David Zimba may have gained industry recognition and professional prestige for having implemented the "grocery store" merchandising model in healthcare supply chain management, but his maverick nature extends well beyond that.

HPN named him one of the "20 Healthcare Supply Chain Influencers to Watch" (July 2007) largely for upending the fundamentals of basic contracting and purchasing. In fact, his efforts were key contributors to the massive financial turnaround of his organization.

Zimba introduced a plethora of strategic sourcing initiatives and information technology-driven practices to gain control over supply chain operations, and to a certain extent, the buying process in vendor relations. He was one of the early adopters and passionate implementers of online reverse auctions at a time when healthcare providers, cynical and skeptical about online-motivated process improvements over profits, were turning sour on the Internet.

Pivotal maverick moment: In the supply chain, a few come to mind. Announcing in January 2001 to a senior leadership team of a Fortune 20 company that our health system was going to pursue a grocery-store model of supply distribution and replenishment and we would earn shelf-fees to do it, or in spite of significant industry resistance, convincing our chairman of orthopedics to utilize electronic sourcing to procure orthopedic supplies.

Claim to fame: Actually making the grocery-store model work as anticipated despite both internal and external pessimism. Proving that reverse auctions can work in healthcare and watching them bring almost $0.5 billion in savings.

Unlikely source of inspiration: My mother, Betty Zimba. When I was younger I would always try to convince her to let me do something by saying ‘everyone was doing it.’ In reply she often asked in a very forceful way, ‘if that’s so, what if all your friends were going to jump off a bridge, are you going to do that too?’ I guess I have since used that experience to question why everyone was doing it, doing it that way, and instead challenge the status quo.

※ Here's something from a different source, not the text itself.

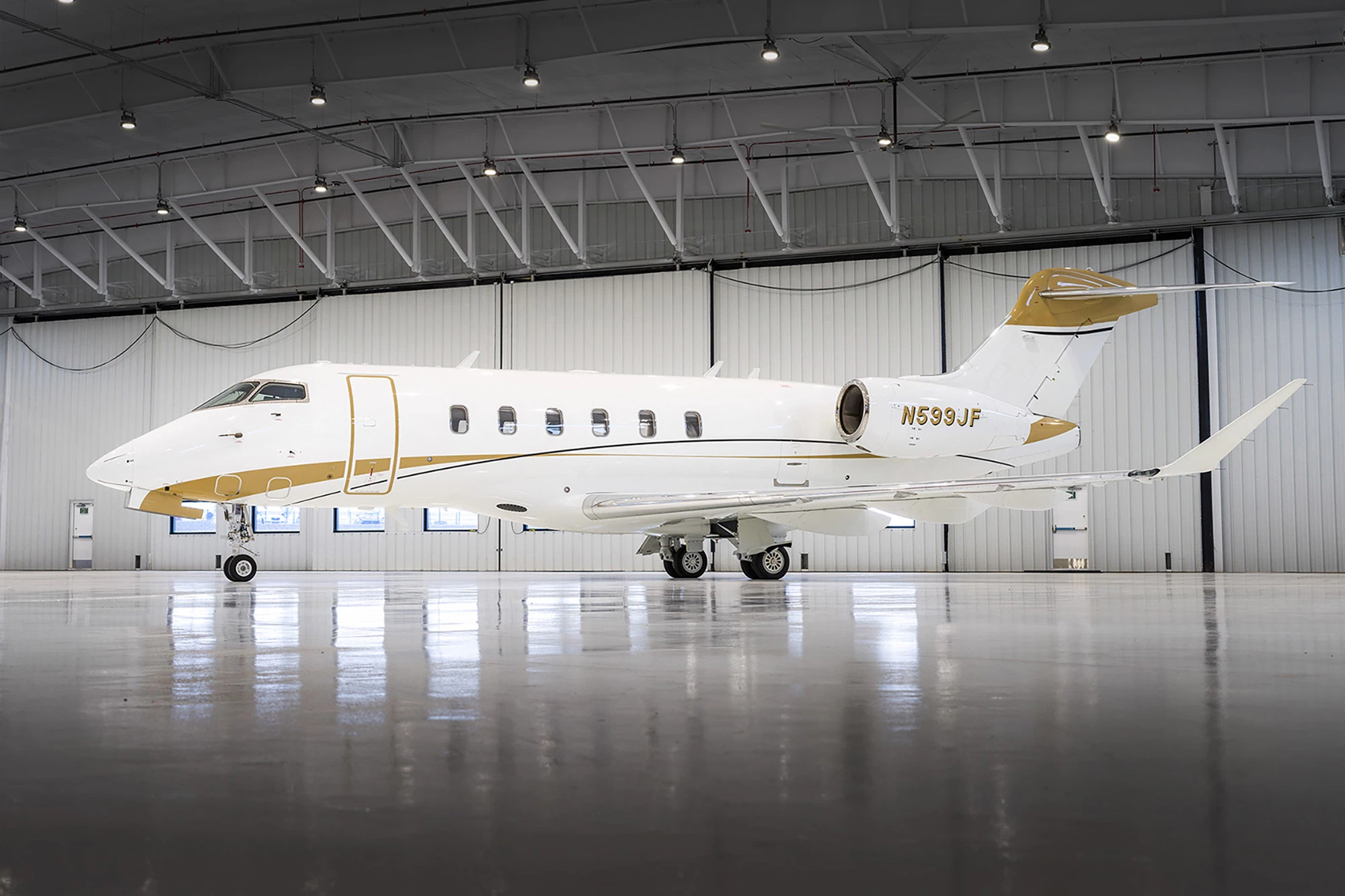 This Challenger 350 features a refined, modern cabin designed for comfort and productivity. The configuration accommodates 8 passengers plus a belted lavatory seat, offering flexible seating options (9 Pax TTOL).

Biggest influence: My high school wrestling coach, Leo Johnson. I learned several life lessons from him: Every individual has a higher responsibility to a team, you learn the most from your mistakes and that in order to learn you have to risk making a mistake, and that maintaining excellence is much harder than achieving excellence.

Two adjectives to describe yourself that also could be applied to a medical device: Resilient and durable

Your closest brush with career immolation: I have had too many that it makes my wife Patty, cringe. My personal analogy is that I am a lot like bad-tasting medicine. My supporters suffer through it, others just simply puke. As I was leaving Arthur Andersen to join WPAHS, a former partner said, ‘it’s not you, it’s the medicine.’ I carry on believing he really meant it.

A project that turned out differently than you thought it would: For the bad, a hotly contested relationship with an equipment insurance/asset maintenance program where the vendor went bankrupt. In some eyes I have never recovered from this. For the good, joining WPAHS gave me an opportunity to reinvent myself. This has been rejuvenating and simply far from what I expected.